** Problem details **
This exercise asks for an exact copy of the lines from the one containing "Digital printed set" through the final line of the material, with pictures omitted.

** The data **
*** Begin section ***

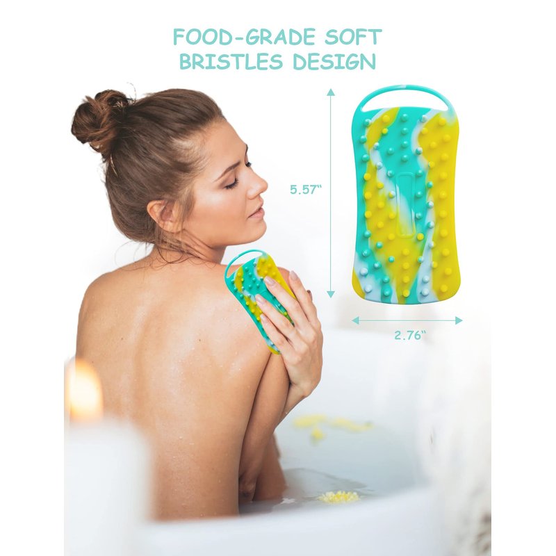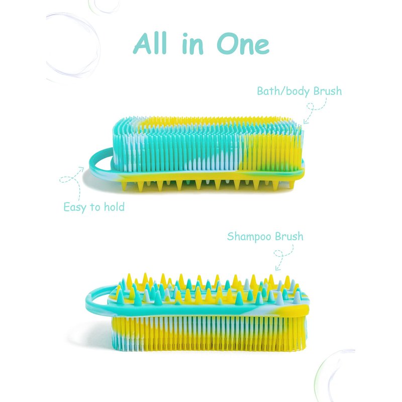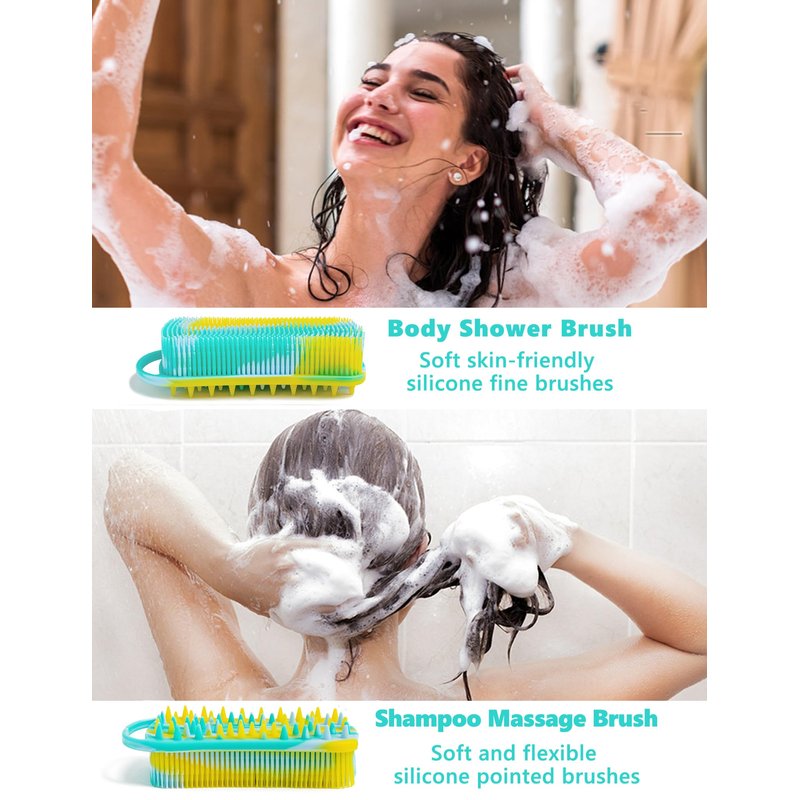 - Unique double-sided design: It is different from traditional silicone body scrubbers. Our bath brush has two sides. One side body scrubbers for use in shower,dry easy, the other side is massaging shampoo brush. Compared with other exfoliating brush, the length of the bristles on one side is appropriately shortened and not easily deformed and can clean the body better.
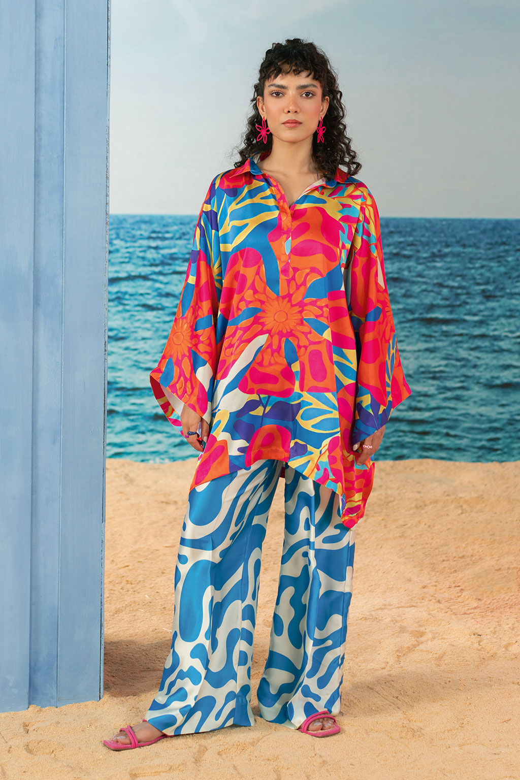 Digital printed set Includes a shirt and straight pants Crease Silk fabric produced in-house
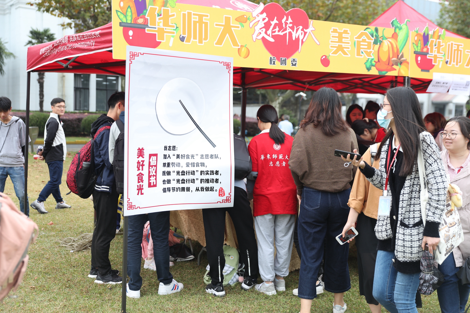 据悉,本次活动是华东师大积极响应教育部“美好‘食’光”校园系列活动的具体行动,旨在通过师生参与节粮月活动,向师生呼吁节约粮食的重要性,进一步弘扬中华民族勤俭节约、爱粮节粮的传统美德;通过系列扶贫宣传展示活动,弘扬中华民族守望相助、扶贫济困的优良传统;通过美食展销,弘扬师大美食文化,各餐饮服务单位进一步树立“全心全意为师生服务”的理念,提升食堂服务质量和管理水平,让广大师生了解后勤、理解后勤、支持后勤。活动现场,校团委还组织开展了“美好‘食’光”校园系列活动招募学生志愿者活动。
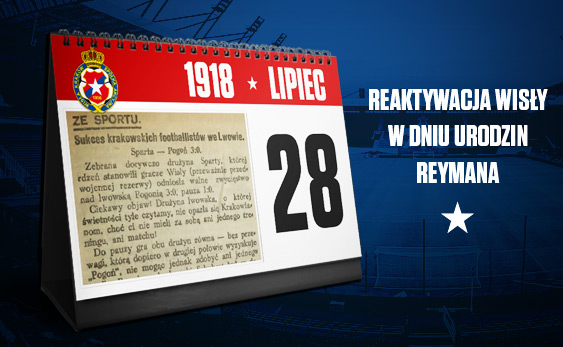 Data publikacji: 28-07-2018 15:37Dokładnie 100 lat temu Wisła Kraków została reaktywowana po 4 latach niebytu. Biała Gwiazda wznowiła działalność po I Wojnie Światowej dzięki inicjatywie oddanych piłkarzy, w tym gronie był Henryk Reyman i to w dniu jego urodzin - 28 lipca 1918 roku - rozegrano pierwszy mecz. Biała Gwiazda pokonała Pogoń Lwów 3:0.

*** End section ***

** Problem solution **
 Digital printed set Includes a shirt and straight pants Crease Silk fabric produced in-house
 据悉,本次活动是华东师大积极响应教育部“美好‘食’光”校园系列活动的具体行动,旨在通过师生参与节粮月活动,向师生呼吁节约粮食的重要性,进一步弘扬中华民族勤俭节约、爱粮节粮的传统美德;通过系列扶贫宣传展示活动,弘扬中华民族守望相助、扶贫济困的优良传统;通过美食展销,弘扬师大美食文化,各餐饮服务单位进一步树立“全心全意为师生服务”的理念,提升食堂服务质量和管理水平,让广大师生了解后勤、理解后勤、支持后勤。活动现场,校团委还组织开展了“美好‘食’光”校园系列活动招募学生志愿者活动。
 Data publikacji: 28-07-2018 15:37Dokładnie 100 lat temu Wisła Kraków została reaktywowana po 4 latach niebytu. Biała Gwiazda wznowiła działalność po I Wojnie Światowej dzięki inicjatywie oddanych piłkarzy, w tym gronie był Henryk Reyman i to w dniu jego urodzin - 28 lipca 1918 roku - rozegrano pierwszy mecz. Biała Gwiazda pokonała Pogoń Lwów 3:0.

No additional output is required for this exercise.